Successful businesses prioritise continuous improvement; from increasing sales and better serving customers; to rebranding as their business, competition and market evolves.

In a digital world, no business can stand still and survive. A website should always remain the central information hub and a highly effective means for you to promote your business or services. Today’s market leaders abandoned the ‘launch it and leave it’ approach to website design; having gained early and advanced understanding of the prime importance of continuous resource optimisation. 

Even with this knowledge, many companies still view optimisation as painful. Small businesses in particular may find ongoing financial investment off-putting. A common misconception is that UX is complex and that enhancing a website will be time-consuming. 

There are complexities to the process, but there are also simple ways to use User Experience (UX) to achieve better results from existing digital strategies.
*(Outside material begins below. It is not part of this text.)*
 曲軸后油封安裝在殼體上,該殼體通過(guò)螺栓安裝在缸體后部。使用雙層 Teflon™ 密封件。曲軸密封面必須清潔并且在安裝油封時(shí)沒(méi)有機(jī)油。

Using processes and insights to enhance UX quickly

What processes are involved in lean UX?

Knowing your customers

Do you understand the needs of your site’s visitors? Once you have knowledge and understanding of what customers want to do you will have insight into how to catch their attention. This is where research can really pay off.

Task analysis

- What do your customers want? 
- What’s important to them? 
- Do you have what they need? 
- How do you reach them? 

Making a list of the highest priorities of your customers is a great way to identify the main objectives of your company. Think lean. A short list of 5-10 items will help you to identify, analyse and prioritise your top tasks. Examples of top tasks could be:

- To persuade users to buy a product
- To create a clear market advantage 
- To convince of a cost saving benefit

User testing

Many companies assume that user testing has to take a lot of time, money and effort. 

It doesn’t. 

Arguing against large-scale user testing, Jakob Nielsen asserts that the best results come from testing with only 5 users. Take a look at his findings - a textbook example of diminishing returns. His formula does hold best with comparable users; but even when testing multiple, disparate and distinct users, Nielsen still recommends small test groups of 3, as they provide overlapping observations and better outcomes than larger groups.
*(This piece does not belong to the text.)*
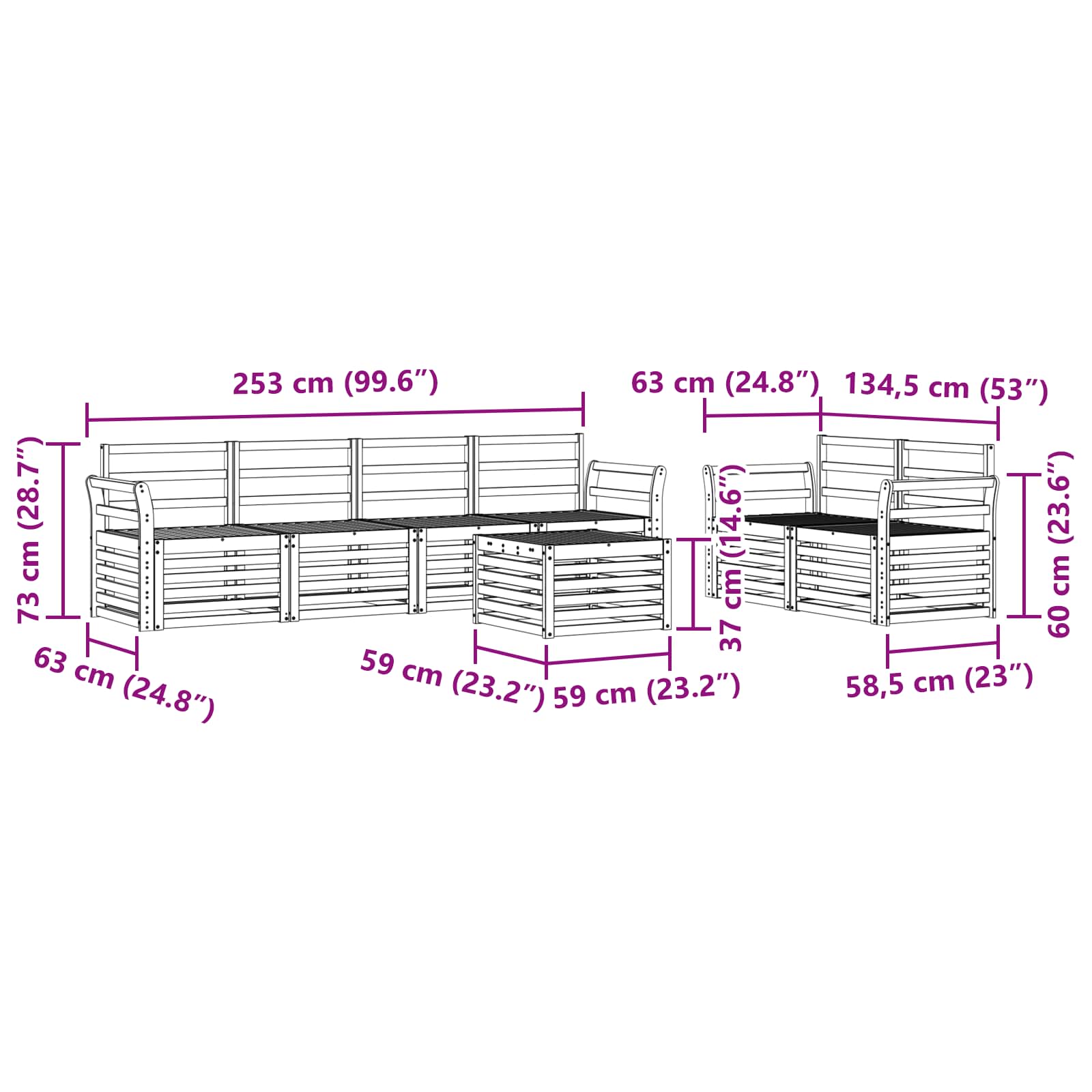 - 6 x Canapea mijlocie: 63 x 59 x 73 cm (LxWxH)

Journey Mapping & Wire-framing

Use feature definition, rapid prototyping and wireframes to map the ideal journey for users and customers. 
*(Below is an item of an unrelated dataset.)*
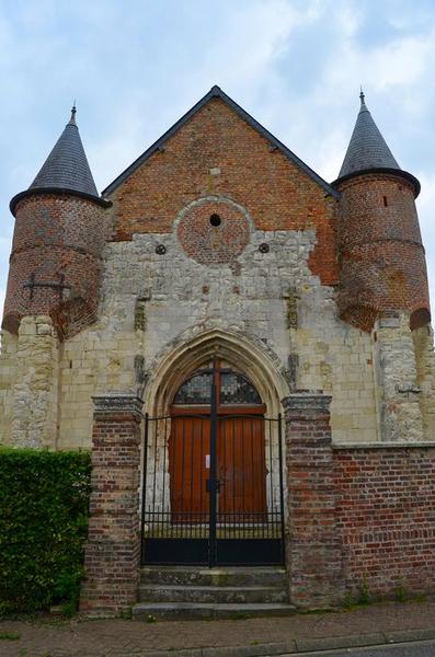 Bâtie en pierre avec de nombreuses reprises en brique, l'église se compose d'une nef précédée d'un portail en arc brisé, flanqué de deux échauguettes de brique. Mais l'essentiel des fortifications a été très concentré sur le choeur. Celui-ci beaucoup plus élevé que la nef, offre du nord et au sud, à la naissance de la nef, deux tourelles, arasées au 18e siècle. En outre, le chevet était autrefois percé de meurtrières : le clocher carré, coiffé d'une flèche octogonale, repose sur le choeur. L'église de Morgny, où les éléments médiévaux semblent avoir entièrement disparu, se caractérise, de ce fait, par une grande homogénéité, sinon au niveau de la mise en oeuvre, du moins au niveau des dispositions défensives. L'ensemble de l'édifice (façade ouest, nef, choeur abritant la salle-refuge) a fait l'objet d'aménagements en ce sens.

Defining essential features of an improved website function before any code is written will save time by formalising planning considerations and acting as an initial test by posing 2 questions... what is the customer’s identified need and how will it be met?

Prototyping ideas onto wireframes help everyone to see direction without distraction; before the investment of significant resources into an idea that might not even be what the user actually wants or needs. First, check that you are on the right track. 

We find that Figma is great for collaborative wire-framing. If you’re a less experienced digital designer, Balsamiq or Moqup may be preferable.

Effective Communication

Whether you’re creating a blog post or a whole new website, one of the first things to consider should be the words you use.

Creating accessible and engaging content, based on your users’ needs and your brand guidelines, starts with a title that is intriguing. A good title compels the reader to read on.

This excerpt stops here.